Moreover, unavoidable heat losses in the ICP coil generator and
other system components of the plasma etching system are
advantageously correlated with the relatively low plasma power over
the time average in this case, while desired plasma effects, the
obtainable etching rates in particular, advantageously correlate
with the occurring peak powers. Consequently, the efficiency of the
generation of reactive species and ions is distinctly improved.
A further advantage of a pulsed operation of the ICP source is that
disturbing electrical charges on the substrate to be etched can be
discharged during the pauses between the radio-frequency power
pulses and consequently profile control during etching is improved
as a whole.
Finally, it is very advantages if the pulsing of the generated
magnetic field is correlated chronologically or synchronized with
the pulsing of the injected plasma power and/or the pulsing of the
radio-frequency power injected into the substrate via the substrate
voltage generator. Thus the chronological synchronization of the
pulsing of the magnetic field and injected plasma power in
particular brings about a distinct reduction of the ohmic heat
losses occurring in the magnetic field coil, which mitigates
problems of cooling and temperature control of the magnetic field
coil.
If, for example, the injected plasma power is operated at a pulse
to pause ratio of 1:20, the current through the magnetic field coil
can also be pulsed, for example, at a pulse to pause ratio of 1:18,
advantageously resulting in a reduction of the required heat
transfer from the magnetic field coil to 1/18 of the original
value. Simultaneously, the consumption of electrical power is also
reduced accordingly.
BRIEF DESCRIPTION OF THE DRAWINGS
Exemplary embodiments of the present invention are explained with
reference to the drawings and in the following description.

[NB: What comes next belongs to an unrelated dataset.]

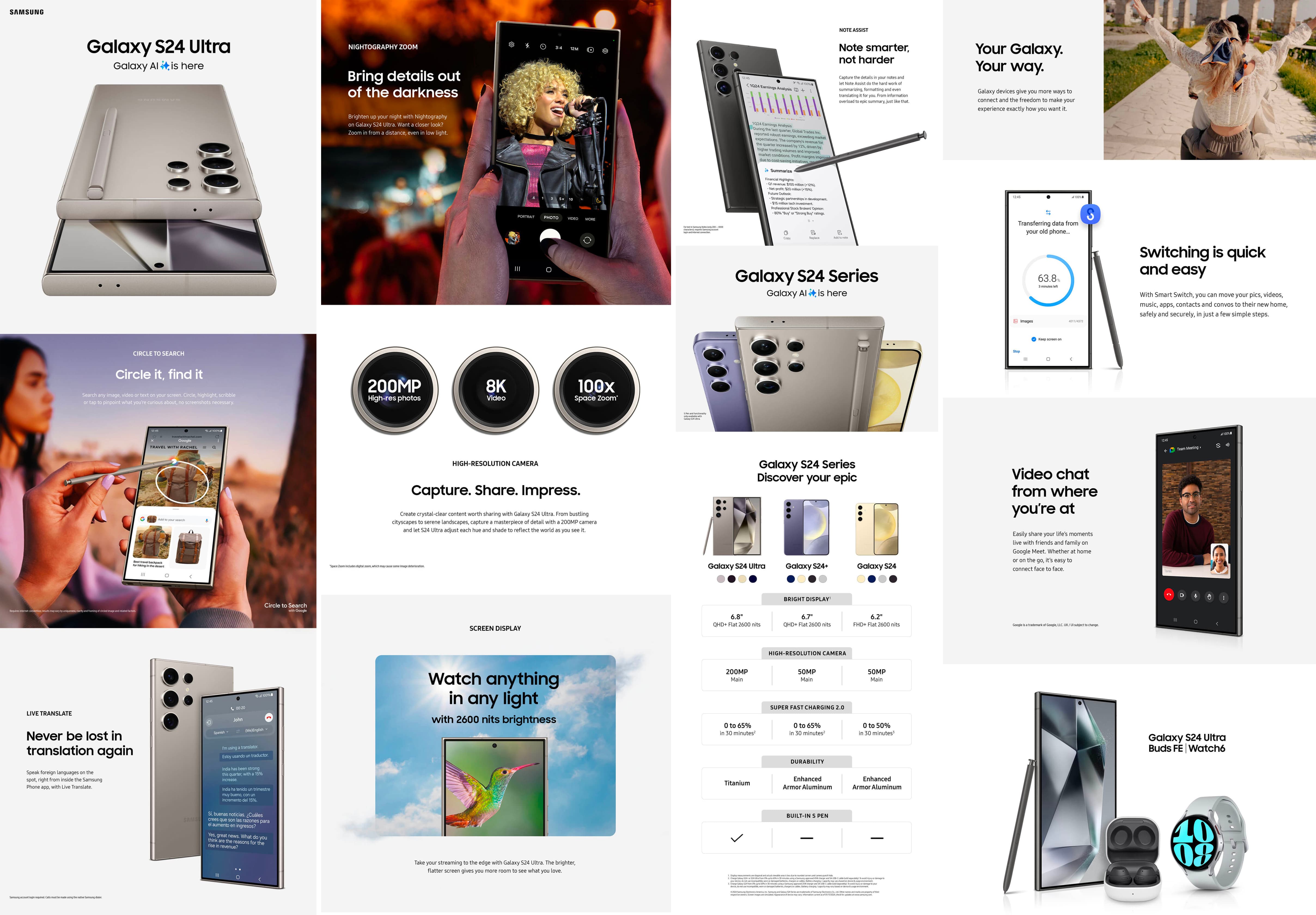 پوسترهای جدید دوربین اصلی ۲۰۰ مگاپیکسلی در گلکسی اس ۲۴ اولترا و دوربین اصلی ۵۰ مگاپیکسلی در گلکسی اس ۲۴ و گلکسی اس ۲۴ پلاس را تأیید میکنند. هر سه گوشی قابلیت فیلمبرداری 8K دارند.

FIG. 1 shows a schematic view of a plasma etching system;
FIG. 2 shows an electronic feedback circuit with a connected ICP
source,
FIG. 3 shows an example of a filter characteristic,
FIG. 4 shows an example of a chronological synchronization of
radio-frequency plasma power pulses with magnetic field pulses,
FIG. 5 shows a circuit configuration for the generation of very
short radio-frequency power pulses which can be integrated in the
substrate voltage generator,
FIG. 6 shows an equivalent circuit diagram for the origination of
the substrate electrode voltage, and
FIG. 7 shows the change in the substrate electrode voltage during a
radio-frequency power pulse as a function of the number of the
oscillation periods.
DETAILED DESCRIPTION OF THE INVENTION
A first exemplary embodiment of the present invention is explained
in greater detail with reference to FIG. 1. For this purpose, a
plasma etching system 5 first has a reactor 15, in whose upper area
an inductively coupled plasma 14 is generated in a manner known per
se via an ICP source 13 (inductively coupled plasma). Additionally
provided are a gas supply 14 for the supply of a reactive gas such
as SF.sub.6, ClF.sub.3, O.sub.2, C.sub.4F.sub.8, C.sub.3F.sub.6,
SiF.sub.4 or NF.sub.3, a gas discharge 20 for the discharge of
reaction products, a substrate 10, for example, a silicon body or
silicon wafer to be structured using the etching method of the
present invention, a substrate electrode 11 being in contact with
substrate 10, a substrate voltage generator 12, and a first
impedance transformer 16. Substrate voltage generator 12 injects a
high-frequency AC voltage into substrate electrode 11 and through
it into substrate 10, the high-frequency AC voltage bringing about
an acceleration of ions produced in inductively coupled plasma 14
onto substrate 10. The radio-frequency power or AC voltage injected
into substrate electrode 11 is typically between 3 watts and 50
watts and 5 volts and 100 volts, respectively, in continuous
operation and in pulsed operation, respectively, each in the time
average over the pulse sequence.
In addition, an ICP coil generator 17 is provided which is
connected to a second impedance transformer 18 and via it to ICP
source 13. Thus ICP source 13 generates a radio-frequency
electromagnetic alternating field and via it an inductively coupled
plasma 14 of reactive particles and electrically charged particles
(ions) in reactor 15 which are generated by the action of the
radio-frequency electromagnetic alternating field on the reactive
gas. For this purpose, ICP source 13 has a coil having at least one
turn.
Second impedance transformer 18 is preferably designed in the
manner proposed in German Patent Application 199 00 179.0 resulting
in a balanced, symmetrically structured configuration and supply of
ICP source 13 via ICP coil generator 17. Thus it is ensured in
particular that the high-frequency AC voltages applied to both ends
of the coil of ICP source 13 are at least nearly in phase
opposition to each other. In addition, center tap 26 of the coil of
ICP source 13 is, as is suggested in FIG. 2, preferably
grounded.
Moreover, the anisotropic high-rate etching process for silicon
with alternating etching and passivation steps, which is known from
German Patent 42 41 045 C2, is carried out with plasma etching
system 5. With regard to additional details concerning plasma
etching system 5, which are known per se to a person skilled in the
art, and the associated etching method, in particular with regard
to the reactive gases, the process pressures and the substrate
electrode voltages in the respective etching steps and passivation
steps, the reference is therefore made to German Patent 42 41 045
C2.
In other respects, plasma etching system 5 of the present invention
is also suited for a process control as described in German Patent
Application 19927806.7.
In particular, when substrate 10 is etched during the passivation
steps, passivation is carried out in reactor 15 with a process
pressure of 5 .mu.bar to 20 .mu.bar and at a mean plasma power of
300 to 1000 watts injected into plasma 14 via ICP source 13.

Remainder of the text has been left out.